[The data — start]
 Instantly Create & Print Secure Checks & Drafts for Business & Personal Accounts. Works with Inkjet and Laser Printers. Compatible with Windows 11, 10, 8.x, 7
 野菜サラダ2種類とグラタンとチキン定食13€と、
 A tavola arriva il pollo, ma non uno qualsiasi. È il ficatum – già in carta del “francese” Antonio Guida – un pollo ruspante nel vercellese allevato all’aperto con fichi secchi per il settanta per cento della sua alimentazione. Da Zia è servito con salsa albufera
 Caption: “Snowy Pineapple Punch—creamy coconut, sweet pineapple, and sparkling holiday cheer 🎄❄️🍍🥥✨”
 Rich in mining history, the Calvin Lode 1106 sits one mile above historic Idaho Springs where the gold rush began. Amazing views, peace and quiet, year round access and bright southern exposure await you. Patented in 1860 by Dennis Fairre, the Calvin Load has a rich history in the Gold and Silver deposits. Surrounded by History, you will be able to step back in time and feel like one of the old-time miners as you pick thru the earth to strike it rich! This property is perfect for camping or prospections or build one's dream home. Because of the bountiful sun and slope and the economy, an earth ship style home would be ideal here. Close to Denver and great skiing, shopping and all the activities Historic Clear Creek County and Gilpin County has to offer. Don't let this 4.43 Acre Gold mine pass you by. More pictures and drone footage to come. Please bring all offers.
[The data — finish]
[The data — start]
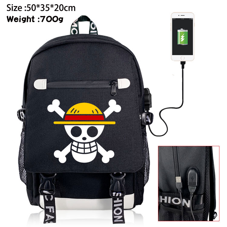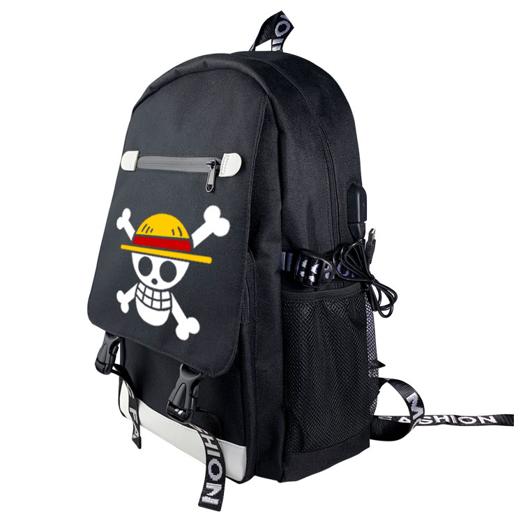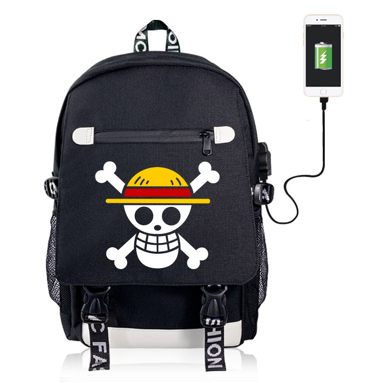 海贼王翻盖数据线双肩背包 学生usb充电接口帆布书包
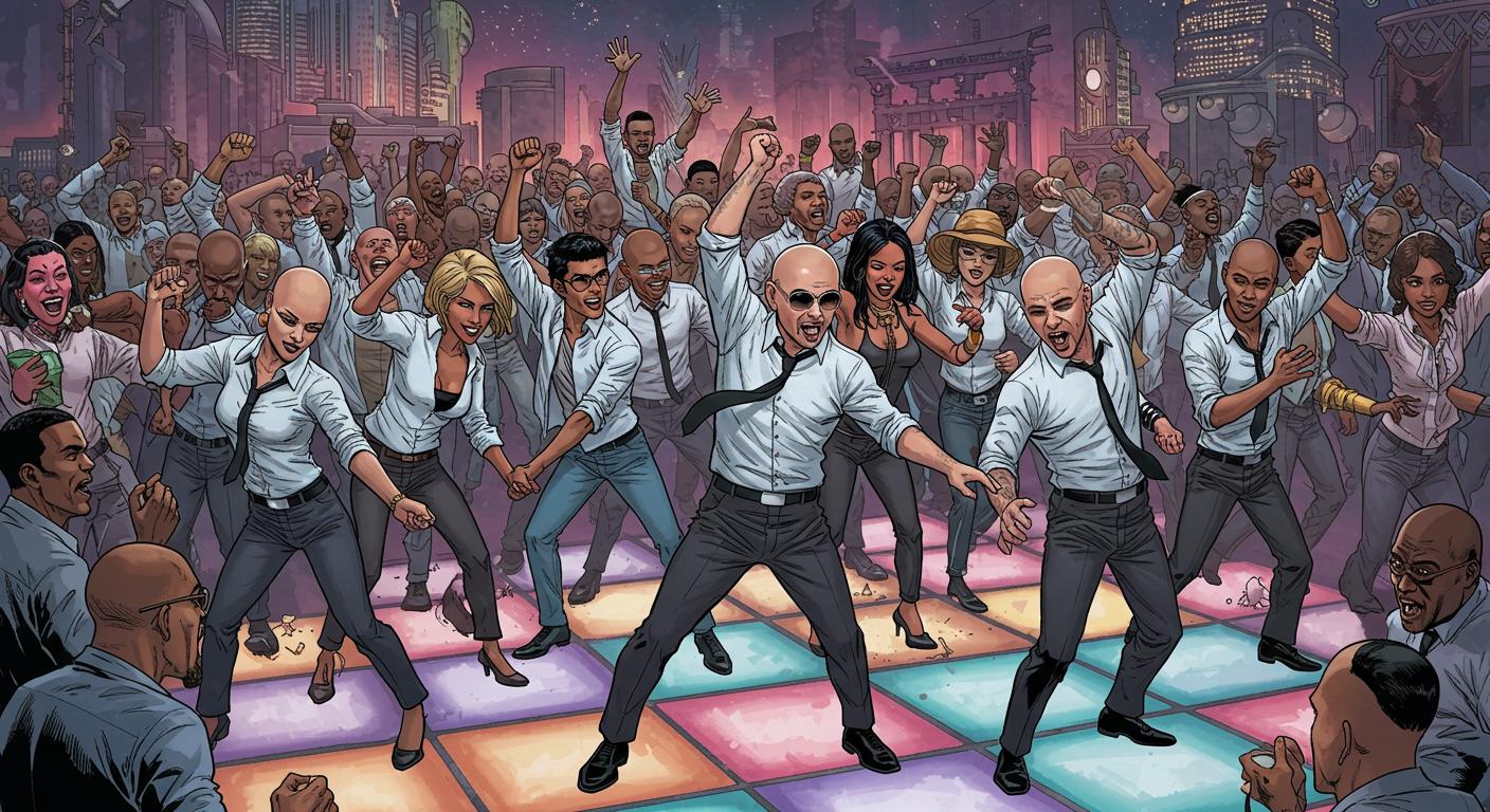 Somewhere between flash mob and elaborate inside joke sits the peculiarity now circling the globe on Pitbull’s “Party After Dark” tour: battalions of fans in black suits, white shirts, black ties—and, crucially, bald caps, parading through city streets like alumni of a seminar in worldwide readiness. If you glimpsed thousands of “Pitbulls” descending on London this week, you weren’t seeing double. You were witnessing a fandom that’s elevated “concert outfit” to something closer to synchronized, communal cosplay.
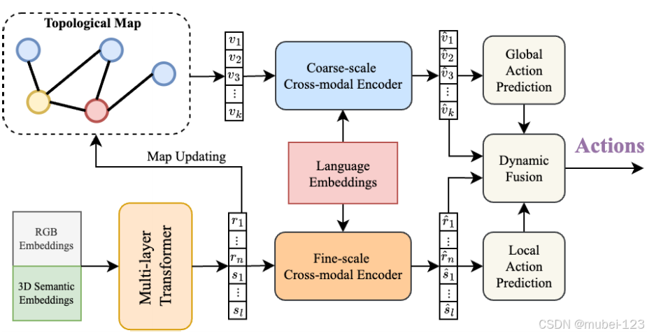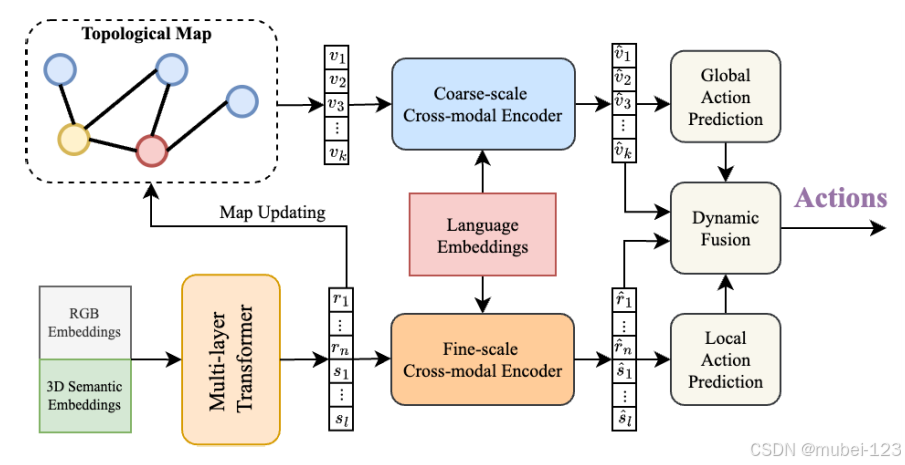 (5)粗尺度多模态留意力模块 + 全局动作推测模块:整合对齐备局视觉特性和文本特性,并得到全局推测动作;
[The data — finish]
[The data — start]
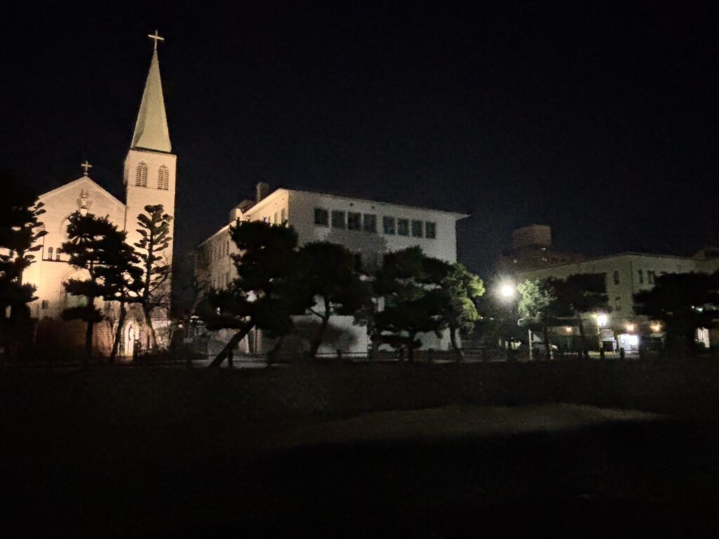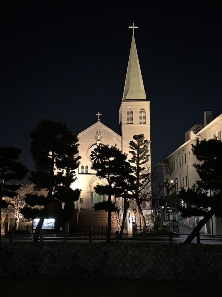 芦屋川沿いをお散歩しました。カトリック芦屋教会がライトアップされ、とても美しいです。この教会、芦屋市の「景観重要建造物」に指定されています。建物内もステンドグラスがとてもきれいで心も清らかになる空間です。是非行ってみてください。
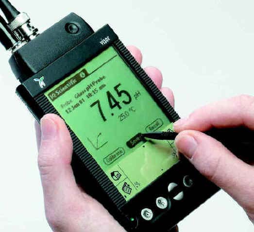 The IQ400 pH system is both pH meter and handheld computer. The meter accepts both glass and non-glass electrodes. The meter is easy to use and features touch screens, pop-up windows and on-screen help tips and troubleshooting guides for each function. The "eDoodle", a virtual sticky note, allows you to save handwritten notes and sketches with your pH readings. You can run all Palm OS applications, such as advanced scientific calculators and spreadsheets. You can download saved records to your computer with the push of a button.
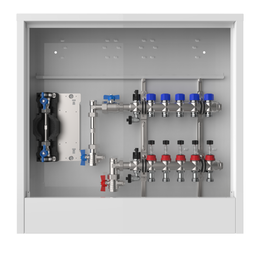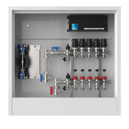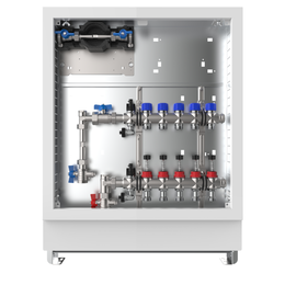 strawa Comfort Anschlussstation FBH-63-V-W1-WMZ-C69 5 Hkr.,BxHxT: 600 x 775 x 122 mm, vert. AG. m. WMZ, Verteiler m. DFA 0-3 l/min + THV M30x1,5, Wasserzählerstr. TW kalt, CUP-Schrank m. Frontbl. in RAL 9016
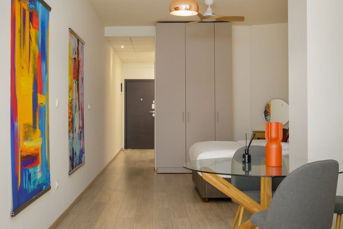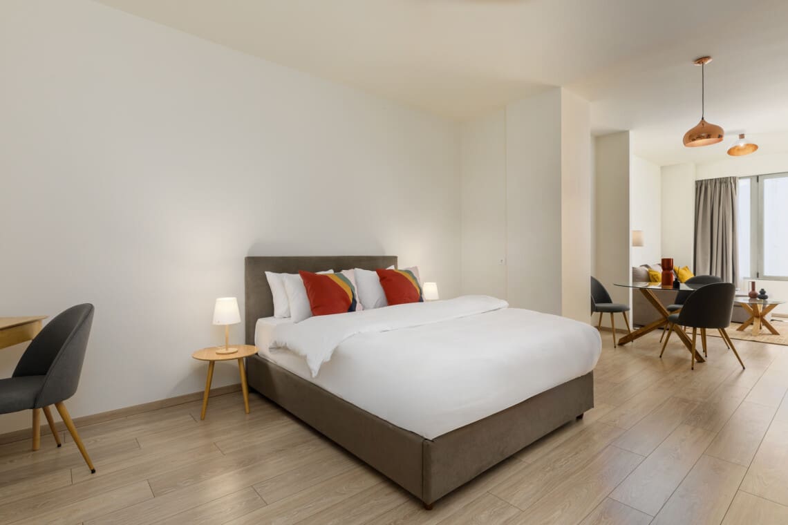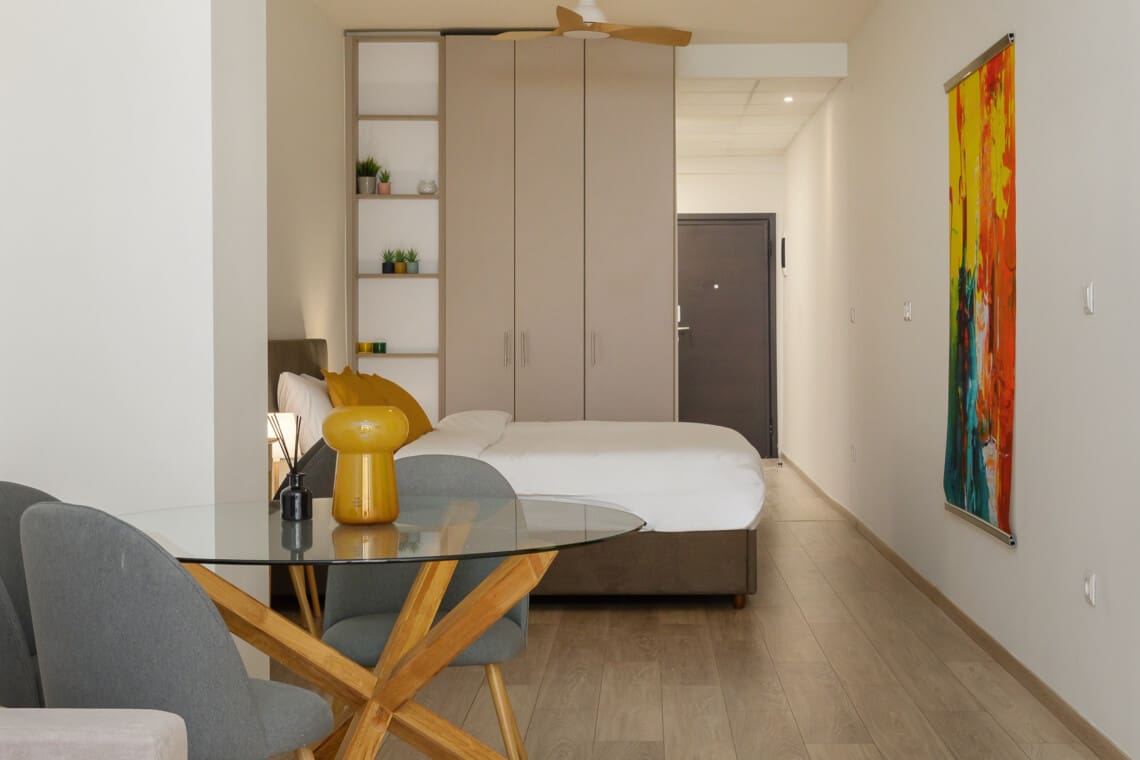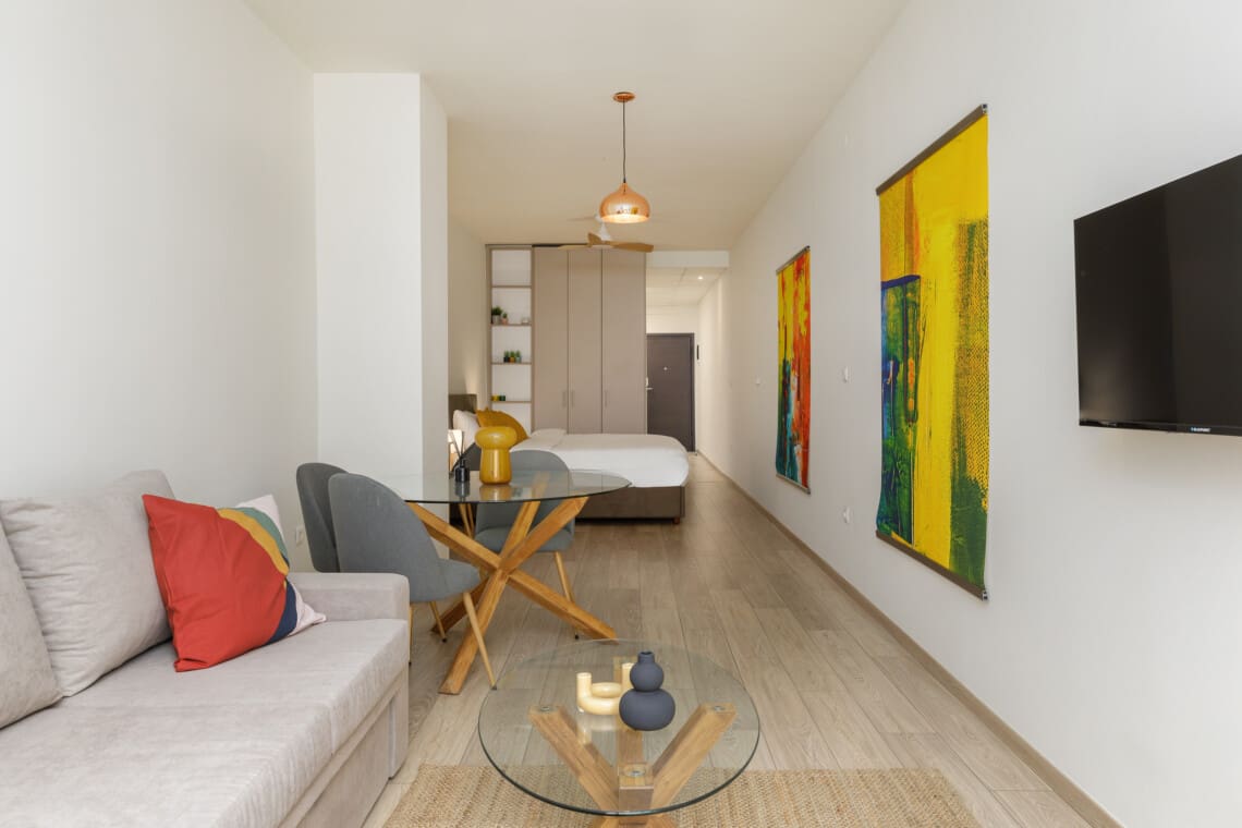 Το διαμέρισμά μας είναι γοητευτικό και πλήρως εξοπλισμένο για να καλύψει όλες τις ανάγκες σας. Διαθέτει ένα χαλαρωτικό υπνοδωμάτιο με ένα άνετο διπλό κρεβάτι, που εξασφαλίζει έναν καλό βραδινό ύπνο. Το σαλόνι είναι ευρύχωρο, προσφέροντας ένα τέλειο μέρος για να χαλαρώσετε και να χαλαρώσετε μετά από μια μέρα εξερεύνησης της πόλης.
[The data — finish]
Work task =>
Give back exactly the lines above starting at the line where "野菜サラダ2種類とグラタンとチキン定食13€と、" appears and ending at the line where "Punch—creamy coconut, sweet" appears, both included, with no other lines.

Your solution =>
 野菜サラダ2種類とグラタンとチキン定食13€と、
 A tavola arriva il pollo, ma non uno qualsiasi. È il ficatum – già in carta del “francese” Antonio Guida – un pollo ruspante nel vercellese allevato all’aperto con fichi secchi per il settanta per cento della sua alimentazione. Da Zia è servito con salsa albufera
 Caption: “Snowy Pineapple Punch—creamy coconut, sweet pineapple, and sparkling holiday cheer 🎄❄️🍍🥥✨”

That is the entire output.